Derzeit liegen die Schwedendemokraten in Umfragen bei rund 20 Prozent, die Moderaten bei nur 17 Prozent, Christdemokraten und Liberale wiederum sind weit abgeschlagen bei fünf beziehungsweise zwei Prozent. Obwohl seine Partei in Umfragen deutlich vor den Moderaten liegt, verzichtet Åkesson somit auf den Anspruch auf das Amt des Ministerpräsidenten. Dieses Zugeständnis an Kristersson dient ihm offenbar dazu, endlich die schon lange angestrebte Regierungsbeteiligung zu bekommen. Denn eine Mehrheit für einen SD-Ministerpräsidenten würde seine Partei im Parlament wohl derzeit ohnehin nicht erhalten. Angenommen wird darum, dass Åkesson schon auf die Wahl 2030 blicken dürfte, bei der er dann auch den Anspruch auf das Ministerpräsidentenamt erheben könnte.
Der Deal zwischen Åkesson und Kristersson sorgte in Schweden für Kritik. Es sei Åkesson, der regiere, nicht Kristersson, sagte die Parteichefin der oppositionellen Sozialdemokraten, Magdalena Andersson. Kristersson riskiere, der schwächste Ministerpräsident in der Geschichte des Landes zu werden. Künftig drohten zwei Leute am Steuer zu sitzen, so Andersson. „Einer, der sagt, dass er der Chef ist. Und der andere, der in der Praxis regiert.“ Anderssons Partei liegt in Umfragen derzeit mit rund 33 Prozent weit in Führung. Allerdings ist der linke Block im Parlament zerstritten. Unklar ist, wie Andersson eine Mehrheit bilden könnte.
Unklar ist jedoch auch, wie eine bürgerliche Regierung, deren stärkste Kraft die Schwedendemokraten sind, in der Praxis regieren könnte. Abgesehen vom Thema Migration sind in vielen anderen Politikfeldern die Unterschiede immens, etwa in der Außenpolitik.
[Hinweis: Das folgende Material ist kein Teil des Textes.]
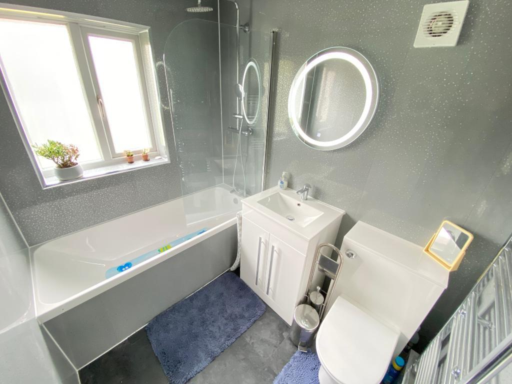 5' 2'' x 7' 2'' (1.6m x 2.2m) Double glazed window to rear elevation. Vanity wash hand basin with low level w/c. Bath and shower to wall. Extractor fan. Spot lighting. Fully cladded walls. Vinyl flooring and a heated towel rail.

So pries etwa Åkesson den Auftritt des amerikanischen Vizepräsidenten J. D. Vance im vorigen Jahr auf der Münchner Sicherheitskonferenz als „unglaublich befreiend“. Vance hatte da behauptet, die größte Bedrohung Europas gehe von innen aus, Meinungsfreiheit und Demokratie seien im Niedergang.